“是他自己带来的冰虫脊骨筋。”
沈让紧紧握着拳头,在意识彻底陷入黑暗之际,想到了当年杀死冰虫将冰虫筋脉抽出送给谢时桑当作礼物的画面。
原来他的蛇尾也跟他有关。
眼前闪过最后一抹光,沈让彻底陷入了昏迷。
不知过了多久,再次醒过来。
意识恢复,又经历了一次试验。
如此反复。
沈让不记得自己被注射了多少晶石能源。
但从身体深处吸收的能量来看,应该不少,或许用不了多久就能带着这些晶石能量离开了。
再一次的试验,胃里开始翻江倒海般难受。
他喘息着,胃酸开始上涌。
宴越白似乎察觉到他的变化,让人停下仪器,俯身看他。
沈让眼底已经一片水光,难受得厉害,忍不住想呕吐。
宴越白心疼地将他抱进怀里,拍着他的背轻声安抚着,语气温柔,带着难以掩饰的心疼。
“很难受?先停一下,一会儿再继续吧。
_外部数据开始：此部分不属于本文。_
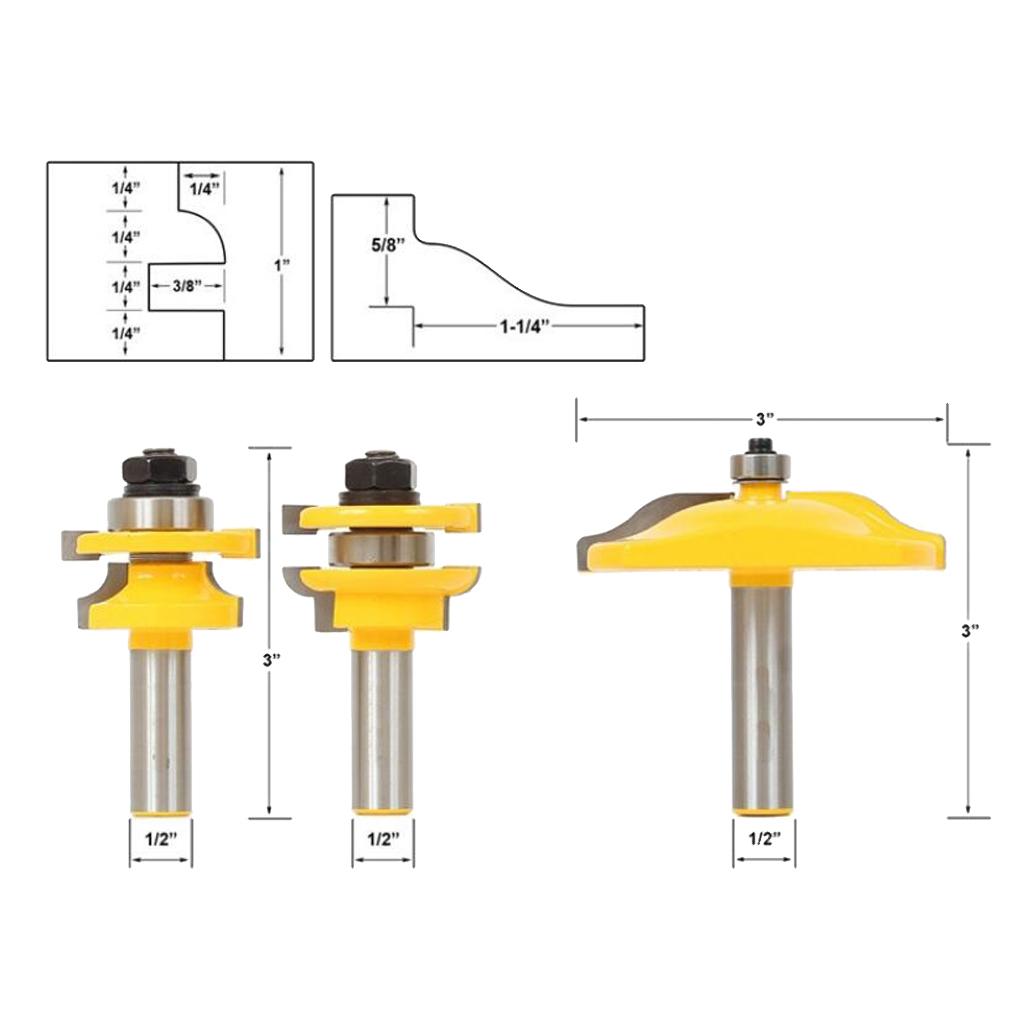 3pcs Router bits set with 1/2 inch shank, high hardness and long service life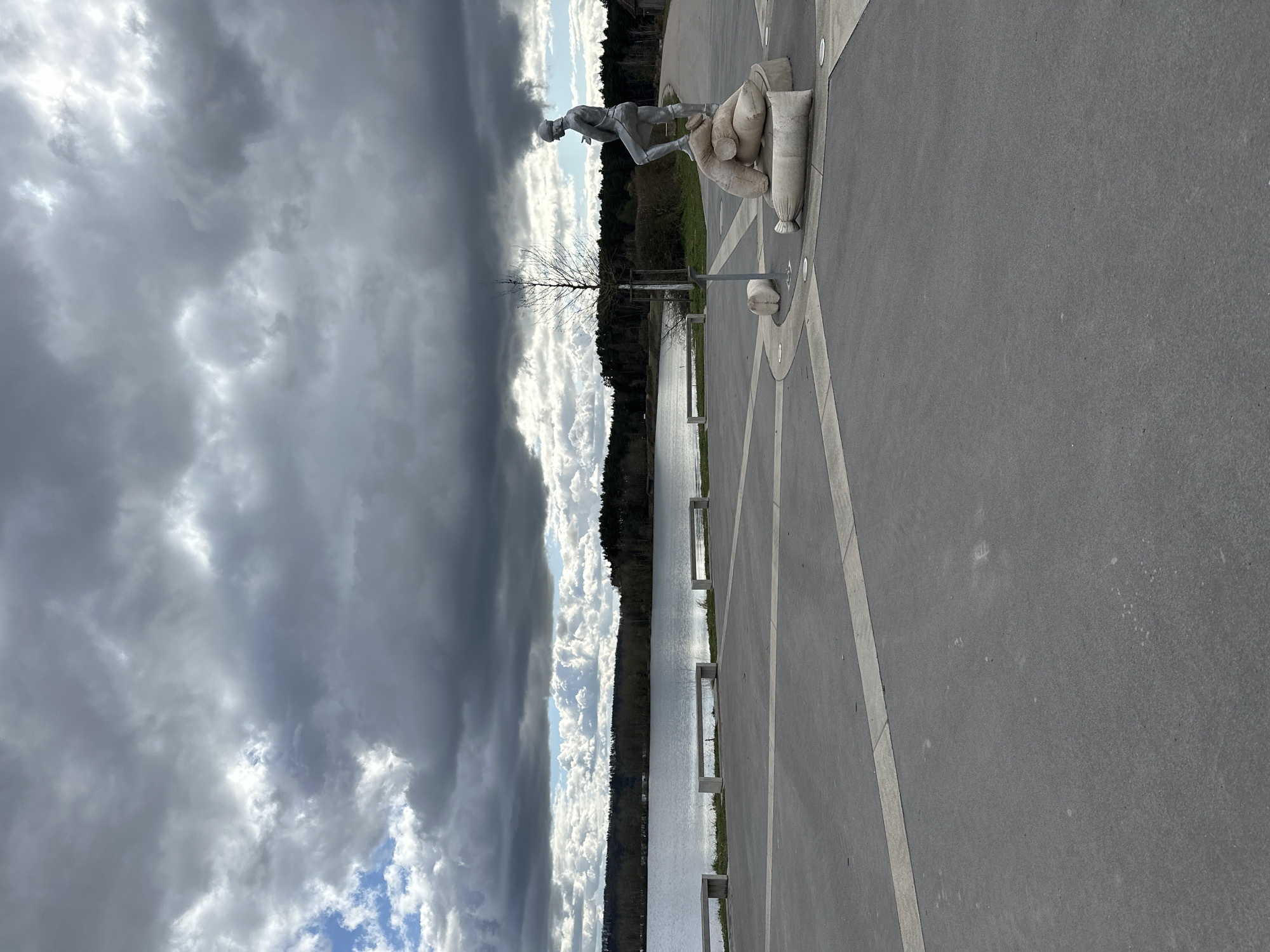 The image captures a view of the Spalt, Germany lakeshore promenade. In the foreground, a statue of a man working with sacks is prominently displayed. Behind the statue, the lake extends into the background, flanked by a dense line of trees on the opposite shore. The sky is overcast with dark, heavy clouds, with patches of blue sky peeking through. The surface of the promenade is gray and features geometric patterns. There are benches along the promenade.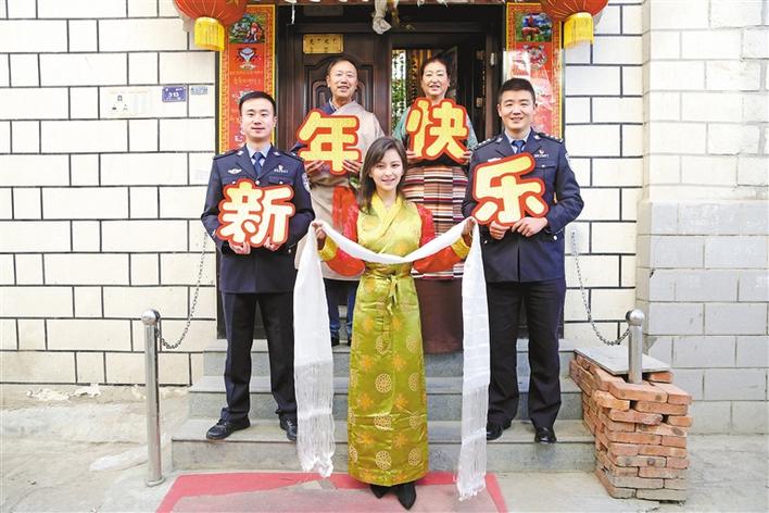 連日來,西藏出入境邊防檢查總站執(zhí)法調(diào)查支隊以“百萬警進千萬家”活動為依托,開展“民族團結(jié)一家親,民警結(jié)親賀新春”為主題的“尋親之路”?;顒又校蠹夜餐瑨炱鸺t燈籠,貼上春聯(lián),共致新春祝福。圖為結(jié)親民警在家門口合影。唐睿 仁青旺堆 攝

”
沈让浑身无力,却坚持推开他,接过助理递来的清水,大口灌下去。
好一会儿,才感觉好了一些。
视线慢慢清晰起来。
宴越白重新揽过他,在他额上亲了一下。
空气猛然一滞。
沈让抬起头,沉默地看着他。
宴越白似乎没有察觉他的异样,摸了摸他的脸,语气还是温柔,“阿让,衣服脏了,我帮你换了。”
沈让忽然推开了他。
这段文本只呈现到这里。